Feb. 14 (Bloomberg) -- Usinas Siderurgicas de Minas Gerais SA, Brazil’s second-largest steelmaker by output, led losses on the Ibovespa after its quarterly earnings report showed sales missed estimates and debt costs surged as the real weakened.
Shares of Usiminas, as the company is known, dropped 4.1 percent to 11.54 reais at the close of trading in Sao Paulo, the lowest since Oct. 29. The Ibovespa rose 0.8 percent.
Net financial expenses totaled 265.2 million reais ($111.2 million) in the fourth quarter, compared with 117.6 million in the prior three months, as the currency tumbled 6.1 percent, according to a regulatory filing today. Sales were 3.19 billion reais, trailing the average estimate of 3.27 billion reais from eight analysts surveyed by Bloomberg.

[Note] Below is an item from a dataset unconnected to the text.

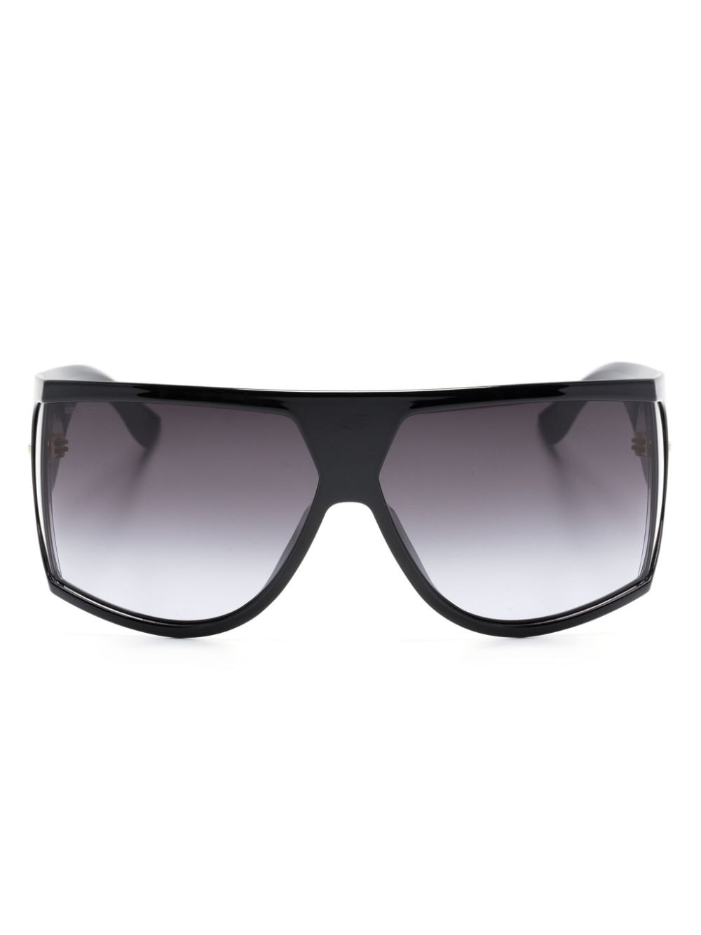 Hype shield-frame sunglasses Highlights - Black - Acetate - Shield frame - Gradient lenses - Logo plaque at the arm - Sculpted arms - Curved tips - These glasses come with a protective case. Imported Composition Acetate 100% SIZE & FIT Measurement Arm Length 4.52 in(11.5 cm) Bridge Width 0.43 in(1.1 cm) Lens Diameter 2.95 in(7.5 cm) WIDTH 5.7 in(14.5 cm)

Investors are concerned “given expectations of further currency depreciation,” Andreas Bokkenheuser, an equity analyst at UBS AG with a sell recommendation on the stock, said today in an e-mail message. Thirty-four percent of Usiminas’s 6.9 billion reais of gross debt as of Dec. 31 was denominated in foreign currencies, according to today’s filing.
The real has lost 18 percent in the past year, the most after the South African rand among major currencies. Usiminas got 94 percent of its revenue from Brazil in the third quarter, data compiled by Bloomberg show.